Only one stretch of the material below is wanted: everything from the line containing "Okura Act City Hotel Hamamatsu Hamamatsu" down to the line containing "Рисунок 15 б. Mini Falcon II (образец в цехе)", both ends included. Repeat it exactly and skip the pictures.

[Supplied material]
______________________________

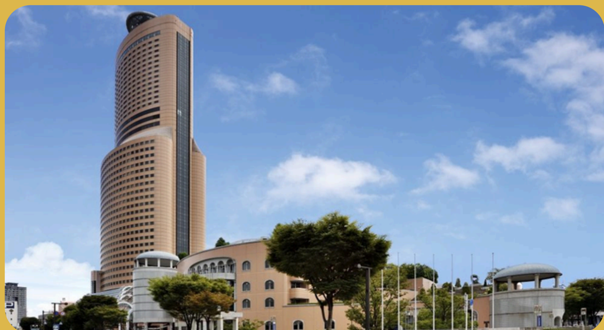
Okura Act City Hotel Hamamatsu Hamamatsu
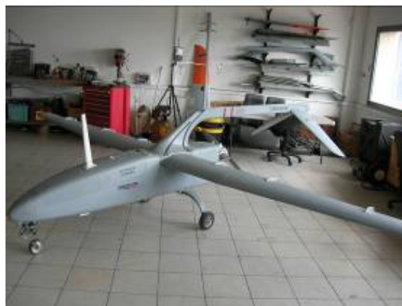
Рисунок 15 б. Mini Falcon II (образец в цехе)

______________________________

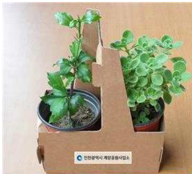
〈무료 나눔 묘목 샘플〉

______________________________

[Written response]
Okura Act City Hotel Hamamatsu Hamamatsu
Рисунок 15 б. Mini Falcon II (образец в цехе)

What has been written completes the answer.